Nachdem sie fertig war ,stand sie von Arthurs Liege auf und stöhnte laut.
Dann packte sie die herumliegenden Blutgetränkten Tücher ein, schmiss alle Utensilien die sie nicht mehr benötigte, in die Kiste mit den restlichen Zeug aus dem Arztkoffer und stand auf.

" Bleib auf Abstand klar?
Ich hab keine Lust die Schulter in einer halben Stunde erneut verarzten zu müssen!" sagte sie forsch , warf einen kurzen ,strengen, genervten Blick zu Annie , drückte Arthur 2 Tabletten in die Hand , bevor sie kopfschüttelnd verschwand und die zwei alleine ließ.

Arthur blickte ihr nach, bis sie weit genug entfernt war und sah dann erneut zu Annie hoch.

" Was kann ich für dich tun? " fragte er leise, schmiss sich die Tabletten in den Mund und versuchte, trotz der starken , pochenden Schmerzen, leicht zu lächeln.

Annie blickte neben sich.
Griff nach den Becher Wasser, setze sich langsam neben Arthur auf die Liege und reichte ihm den Becher.

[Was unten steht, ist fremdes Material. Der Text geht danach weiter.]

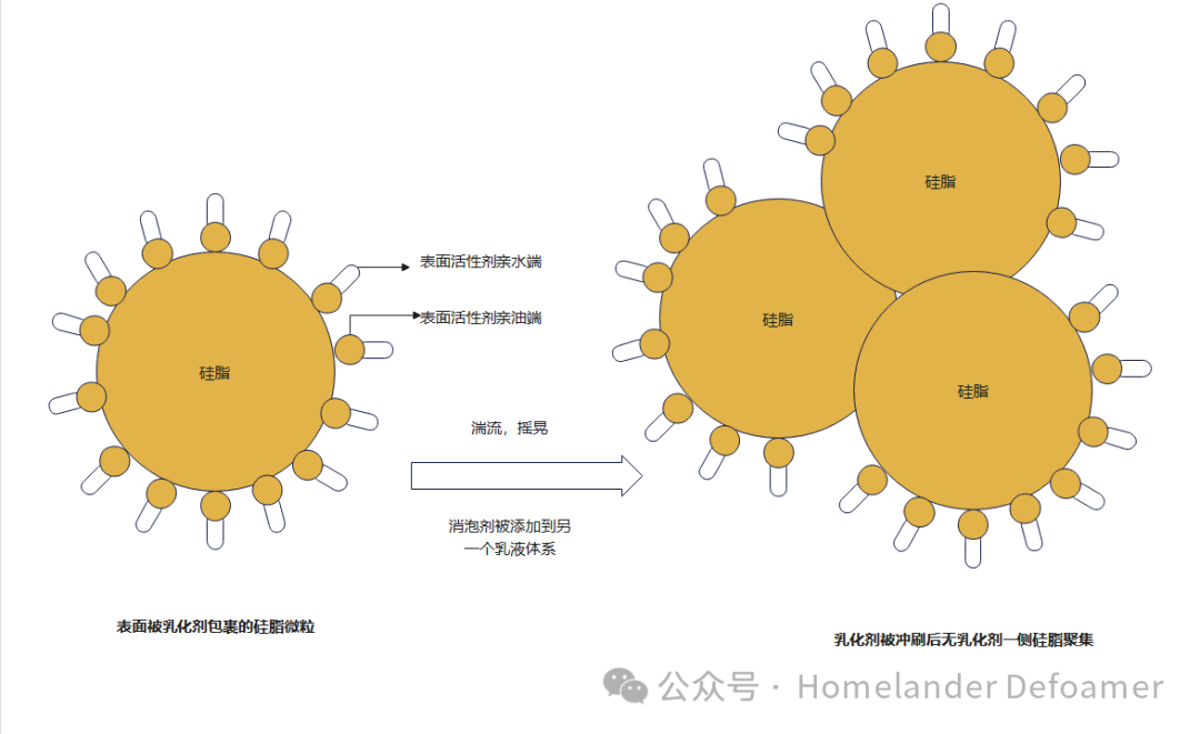 乳化劑既然很容易脫落,那么可以用化學鍵的方式,把乳化劑接枝在硅脂上,這樣即使析出,在沒有外加乳化劑和剪切力的情況下也能將析出的硅脂分散到體系中。這對親水基與親油基分子量的把控極其重要。若親水基太大,形成水包油的顆粒太小,雖然不析出。但是太小的微粒排液時間久,消泡速度就很慢。

Arthur nahm einen großen Schluck und spülte die schmerzreiz betäubenden weißen Dinger schnell herunter.

"Also?" fragte er, nachdem Annie ,noch immer schweigend, neben ihm saß und sah fragend zu ihr.

Annies Blick war verlegen nach unten gerichtet.
Auf der Unterlippe herumbeißend, starrte sie auf ihre nackten , schmutzigen Füße, die leicht brennend, im weichen Gras ruhten.

" Ich möchte dir danken...." fing sie zögerlich und leise an zu sprechen.

" Dafür das du mir das Leben gerettet hast...."

Arthur sah ,noch immer fragend ,zu ihr und ließ seine Augen über ihre mit Schmutz behaftete Wange , wandern.

" Dafür musst du mir nicht danken." sagte er liebevoll.

Annie blickte nun endlich auf und sah zu ihm.

" Doch das muss ich.
Ich möchte es." sagte sie leise und schluckte, als sie in seine Augen sah.
Als sie spürte wie ein kleiner Schauder in ihr emporkroch ,so nahe neben ihm.

" Warum bist du weg gerannt ?" fragte Arthur und sein liebevoller Blick veränderte sich zu einem besorgten.

Annie wich diesen schnell wieder aus und sah wieder nach unten auf ihre nackten, kalten ,schmutzigen Füße.

" Wo wolltest du hin? " fragte Arthur weiter .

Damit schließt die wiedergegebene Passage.